Turkish Foreign Minister Hakan Fidan, in a press conference in Ankara on Wednesday after his meeting with Tahsin Türkoğlu, the foreign minister of the Turkish Republic of Northern Cyprus (KKTC), emphasized that Cyprus and the KKTC can benefit from the energy resources in the Eastern Mediterranean without waiting for a political solution to the long-standing Cyprus issue. The Cyprus issue has revolved around the political division of the island, with the KKTC declared by Turkish Cypriots in the north, which is recognized only by Turkey, and the Republic of Cyprus in the south, which is internationally recognized as the sole legitimate government of the whole island.
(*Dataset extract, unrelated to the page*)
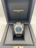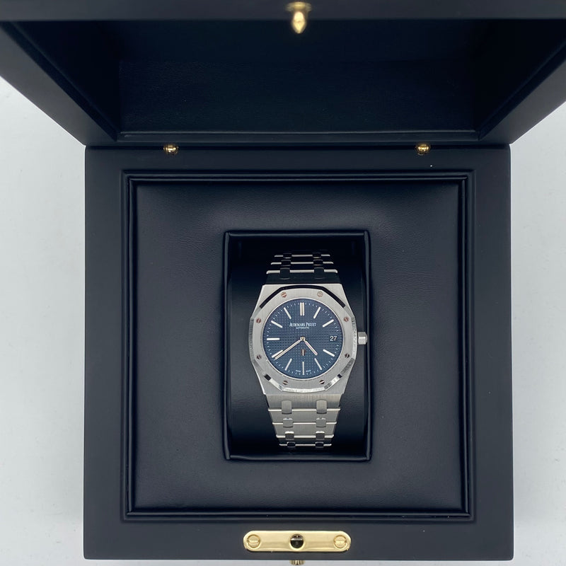The Royal Oak is immediately recognizable thanks to its octagonal bezel secured by eight hexagonal screws and dials adorned with unique textures. Featuring a navy blue textured Grande Tapisserie dial, polished white gold baton hour markers and Royal Oak hands with luminescent coating, stainless steel octagonal bezel, hand crafted steel 39mm case with glareproofed sapphire crystal and integrated link bracelet with AP folding clasp. This watch has a see-through case back showcasing the impressive automatic AP Calibre 2121 movement contained within.

In addition, Minister Fidan expressed Ankara’s reservations about a Greek call for the resumption of Cyprus negotiations from where they left off in Switzerland’s Crans-Montana in 2017. The Crans-Montana talks aimed to find a political solution to the Cyprus issue but ended without a breakthrough, primarily due to disagreements on various key issues, including security arrangements and the presence of foreign troops on the island.
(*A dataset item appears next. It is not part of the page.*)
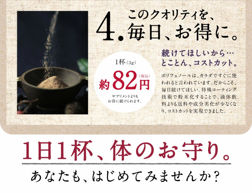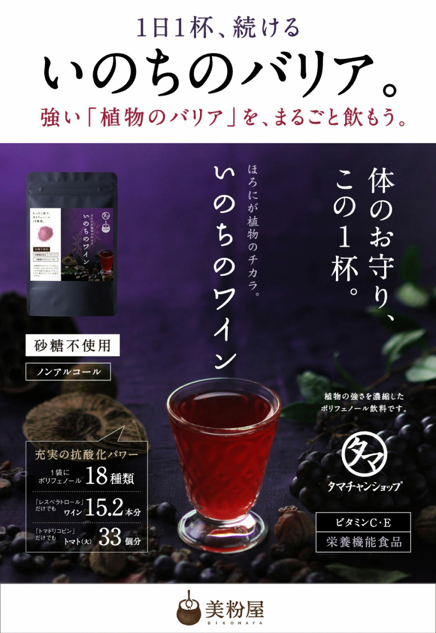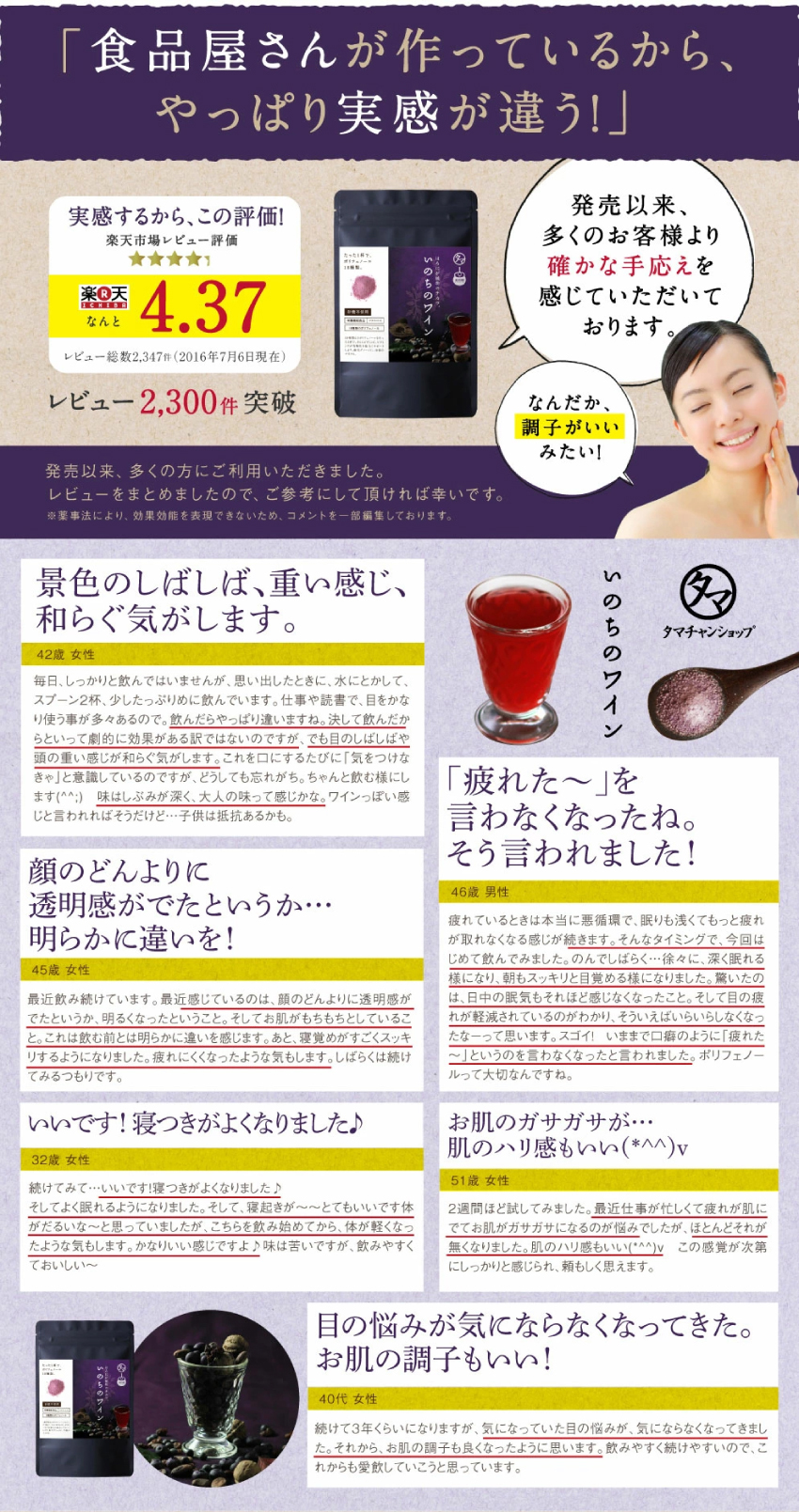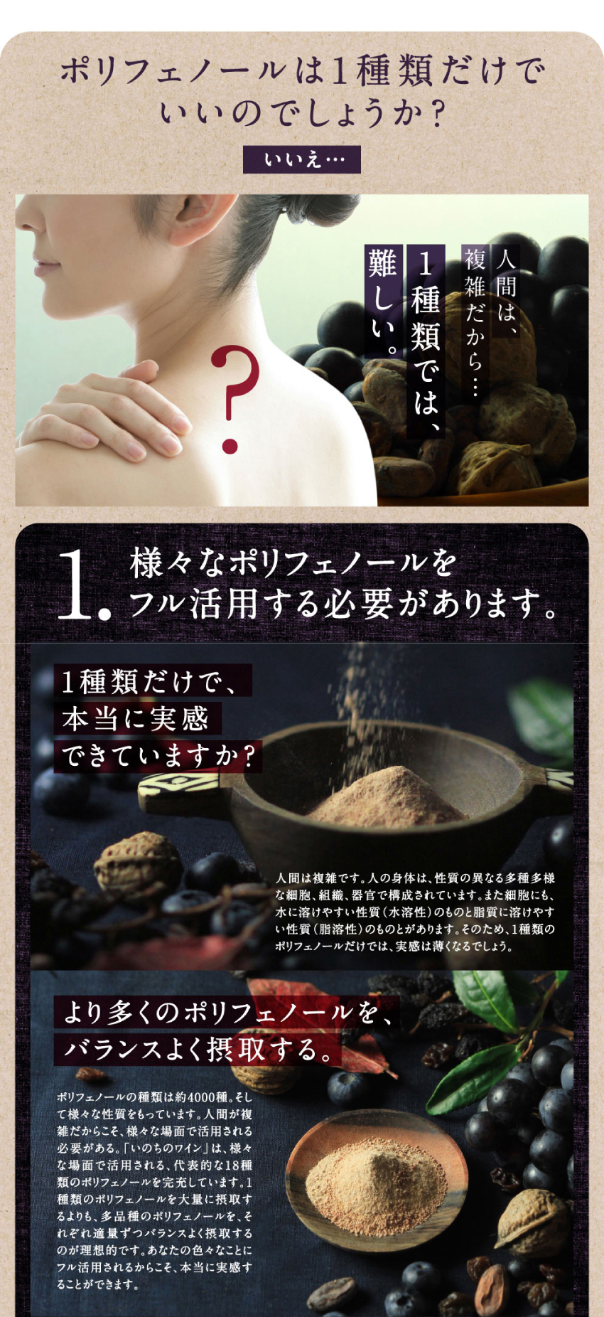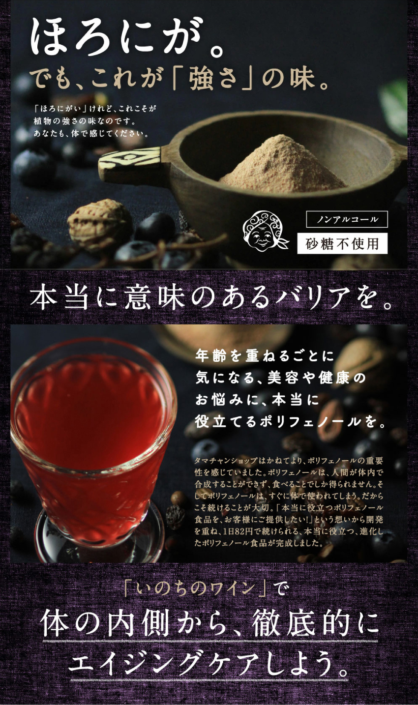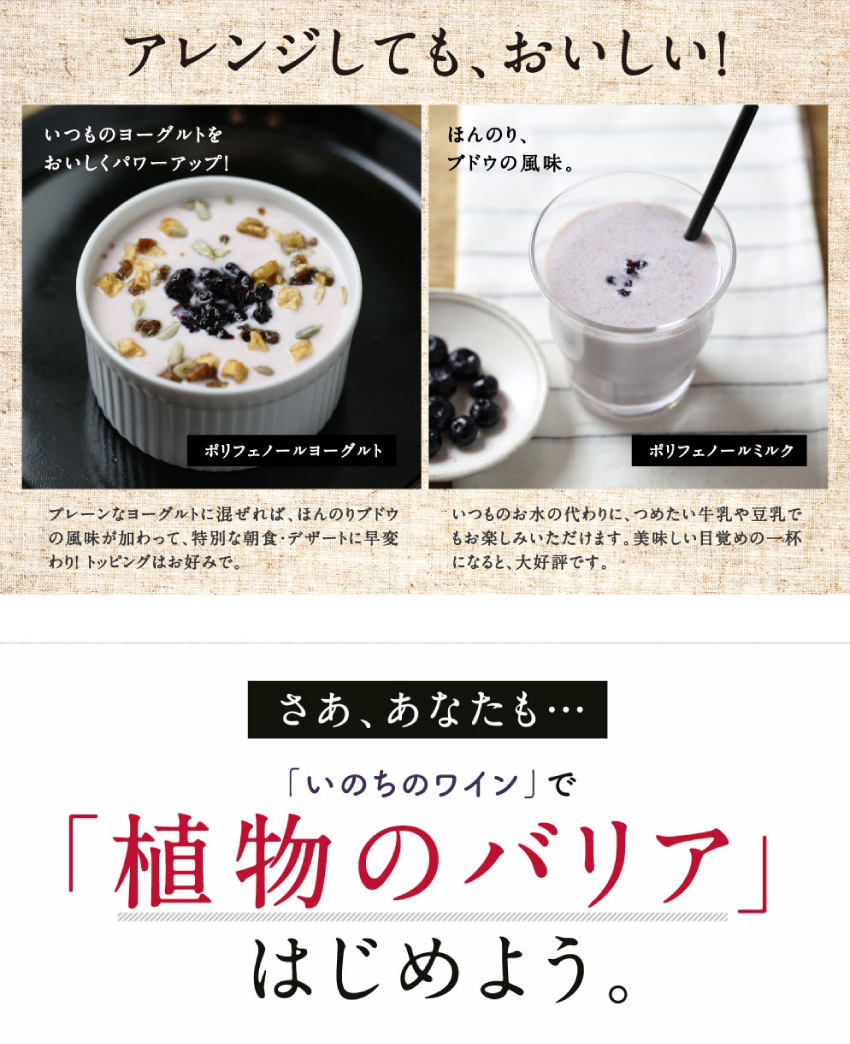 | 【原材料】難消化性デキストリン(国内製造)、イソマルトオリゴ糖、澱粉分解物、赤ワインエキス末(トランス・レスベラトロール含有)、ブドウ種子エキス末(プロアントシアニジン含有)、アサイー末、黒大豆種皮エキス末(プロアントシアニジン含有)、カカオエキス末(テオブロミン含有)、茶抽出物(カテキン含有)、カシスエキス末(アントシアニン含有)、いちご種子エキス加工粉末(チリロサイド含有)、くるみポリフェノール、ブルーベリーエキス末(アントシアニン含有)、ブドウ皮抽出物(アントシアニン含有)、松樹皮エキス末(プロアントシアニジン含有)、ウコン抽出物(クルクミノイド含有)、生コーヒー豆抽出物(クロロゲン酸含有)/加工デンプン、ビタミンC、結晶セルロース、クエン酸、香料(ワイン)、甘味料(羅漢果抽出物)、マリーゴールド抽出物(ルテイン含有)、トマト抽出物(リコピン含有)、柿抽出物(柿タンニン含有)、ビタミンE、ナイアシン、パントテン酸カルシウム、ビタミンB2、ビタミンB1、ビタミンB6、ビタミンA、葉酸、ビタミンD、ビタミンB12、(一部に大豆・くるみを含む) 原材料で食物アレルギーの心配のある方、体調や体質に合わない場合は使用を中止してください。通院、投薬中の方は、担当医にご相談の上お召し上がり下さい。天然素材使用ため多少の色むらが生じることがありますが、品質には全く問題ございません | |

During the press conference, which led to the impression that the questions from reporters were known in advance, Fidan said waiting for a final solution on the island before benefiting from the energy resources in the eastern Mediterranean is not conducive to regional stability or global energy needs.
He noted that the KKTC had taken a constructive approach in July, proposing more creative approaches independent of a comprehensive political solution to the long-standing Cyprus issue. He claimed that the KKTC, despite the ongoing political division on the island, had put forward innovative ideas in July to address various issues, not necessarily tied to a final political settlement.
He also said there are specific areas where both communities can benefit. Foremost among them are hydrocarbon resources, followed by electricity integration, renewable energy, water, irregular migration and mine clearance. These are, in fact, matters of daily life that the communities eagerly await solutions for,” adding, “However, the Greek Cypriot side has been reluctant to cooperate in this regard. Turkey’s view aligns with that of the KKTC, asserting that it is possible to utilize the energy potential that both sides can equally benefit from without waiting for a political solution.”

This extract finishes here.